Why M&A bankers are overpaid and credit traders underpaid…well, sort of

As a senior investment bank trader, you expect to be well paid, even if this supposedly isn’t possible any longer. You still believe your pay should be based on a decent percentage of the revenue you attract, despite being the bank’s asset and not trading on your own.

If you want to earn $1M or more in 2014, take a look at becoming a senior credit trader. In an analysis by the information firm Tricumen, these traders are clearing the $1M level. Neither cash equities traders nor senior commodities traders are reaching that today. Neither are prime services providers, who direct lenders of securities to hedge funds. In making their determination, they examined operating revenues by products among the top investment banks, basing their calculations on full time front office personnel at the vice president (VP) level and above. ”We’re not taking into consideration the back office guys,” says Darko Kapoor, a Tricumen partner. “They can dilute revenues per head considerably – especially at French banks, where the back office tends to be very large compared to U.S. firms.” As an example and based upon the first half of 2014, credit traders are responsible for average revenues of $3.7m each. If these trends hold firm, these traders should average $7.4m each by the end of 2014. For comparison, equity derivatives traders will average just $4.4m for the same period.

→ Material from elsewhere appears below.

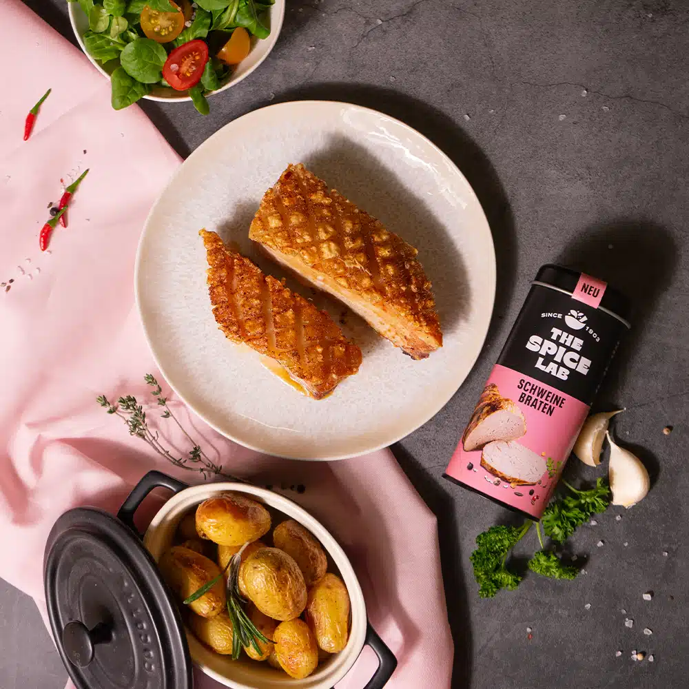 Zum Servieren kann der Schweinebraten mit einem frischen Salat oder kleinen Kartoffeln kombiniert werden, die mit unserem Pommes & Bratkartoffel Gewürzsalz gewürzt und im Air Fryer oder Ofen
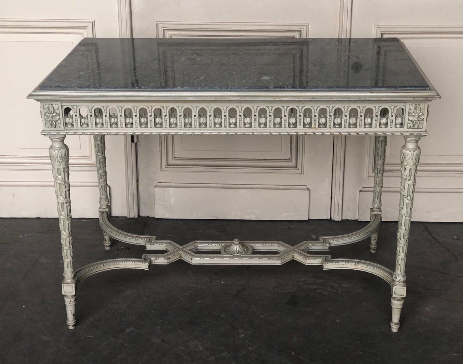 A very fine quality French Centre Table, having its original paint finish and a mottled grey marble top. The decoration to the wood carved base is crisp and very well executed.

How much will be paid out to the traders? According to Simon Maughan, of OTAS Technologies, in prior years traders could assume that their compensation would be based upon a large percentage of those revenues. For example, United States banks would usually allocate half of all revenues to be paid to junior and back office staff, with senior traders being allocated 20%-30% of the revenues they were responsible for bringing in. Today, Maughan says percentages have been modified to tie in capital allocation and risk-taking. Even with those changes, however, and with senior credit traders projected to be responsible for $7.4M each, a percentage of $13.5% seems reasonable.

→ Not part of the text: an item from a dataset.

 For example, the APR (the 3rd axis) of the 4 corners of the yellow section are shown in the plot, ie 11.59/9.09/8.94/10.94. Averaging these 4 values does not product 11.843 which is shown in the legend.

However, the biggest revenues aren’t coming from traders, it’s equity capital markets (ECM) personnel not credit traders who are responsible for most revenues in 2014, with an average of $11m per person for 2014, an increase from just $9.5m in 2013. Below that, senior M&A bankers are farther behind with just $1.8m per head for 2014. M&A bankers will argue that M&A advisory services do not require a bank to expend capital, with very little risk outside of reputational risk. As a result, they are entitled to a larger percentage of the revenues they generate.

But the banks state that the real value is in their franchise; that is, the banks and their reputation attract clients. They question what portion of revenues are due to individual traders, or instead reflects clients wanting to work with a specific bank, or the bank offers the best M&A financing. According to Maughan, it doesn’t matter. “The reality is that people working in banks are very well paid in their jobs and the revenues they generate must have something to do with their individual input – although in my experience, when you take those individuals out of their big franchise, they have problems replicating their production.”